In addition, by the first-third bearing 413 formed in one end of the housing 300 which protrudes from the central portion of the third gear 230 to the auxiliary wing side and covers the rotational displacement transmission unit 200. An external extension portion 131 rotatably supported in position and extending from the third gear 230 toward the blade connecting shaft 120 and positioned coaxially with the external extension portion 131. And a third gear connecting shaft 130 having an internal extension portion 132 that is rotatably supported in a rotational position by the second-third bearing 423 installed inside the housing 300. Do.
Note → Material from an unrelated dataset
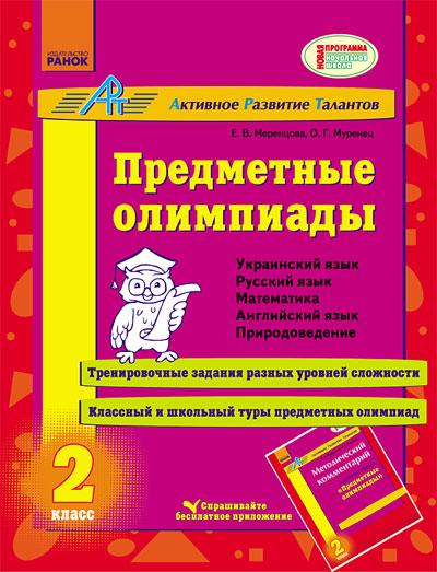 Предметные олимпиады 2 класс Меренцова О. АРТ Ранок. Пособие (автор Меренцова Е. В., Муренець О. Г.) предназначено для подготовки младших школьников к предметным олимпиадам. Оно содержит тренировочные задания по предметам «Украинский язык», «Русский язык», «Математика», «Английский язык», «Природоведение». Работать с ним могут ученики с разным уровнем знаний, т. к. задания подобраны по принципу «от простого к сложному».

The external extension portions 111, 241, and 131 of the auxiliary wing connecting shaft, the second gear connecting shaft, and the third gear connecting shaft protruding from the first, second, and third gears 210, 220, and 230 to the auxiliary wing side. ), A first-first bearing 411 for supporting each of the auxiliary wing connecting shaft, the second gear connecting shaft, and the external extension parts 111, 241, and 131 of the third gear connecting shaft to be rotatable in position. It is preferably configured to include a; 1 to 2 bearing 412, the first shaft support plate 451 is formed with a plurality of bearing grooves (450a) that can be inserted into the 1-3 bearing (413).
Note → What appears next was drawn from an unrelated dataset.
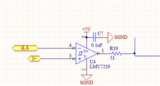 LMV7219在5V供电时内部有7.5mV的迟滞电压,且LMV7219也存在一定的输入失调电压,内部7.5mV的迟滞电压可以避免输入失调电压引起的输出异常,但如果两输入信号存在较大噪声就会引起输出在跳变处震荡,解决的办法一个就是降低输入信号上的噪声,输入干净的基准电压和交流信号,另一个方法是外加迟滞电路,如数据表8.2 Typical Application,Figure 14所示,8.2.2.1 Additional Hysteresis章节有设计过程,您可以参考。

In addition, the internal extension portion 112 of the auxiliary wing connecting shaft, the second gear connecting shaft, the third gear connecting shaft formed to protrude toward the blade connecting shaft 120 from the first, second, third gear (210, 220, 230). , 242, 132, and the second-first bearing for supporting the auxiliary wing connecting shaft, the second gear connecting shaft, and the inner extension portions 112, 242, and 132 of the third gear connecting shaft to be rotatable in position. And a second shaft support plate 452 having a plurality of bearing grooves 450a into which the second and second bearings 422 and 423 can be inserted and installed. .
In addition, the gear coupling coupling 510 is coaxially connected to the second external gear 220 and the blade coupling shaft 120 is coaxially rotatably connected and is elastic to the gear coupling coupling 510. The clutch unit is supported and the blade connection coupling 520 is provided to transfer the rotational displacement or rotational force of the second outer tooth 220 to the blade connecting shaft 120 by the connection with the gear coupling coupling 510. 500 is preferably configured to include.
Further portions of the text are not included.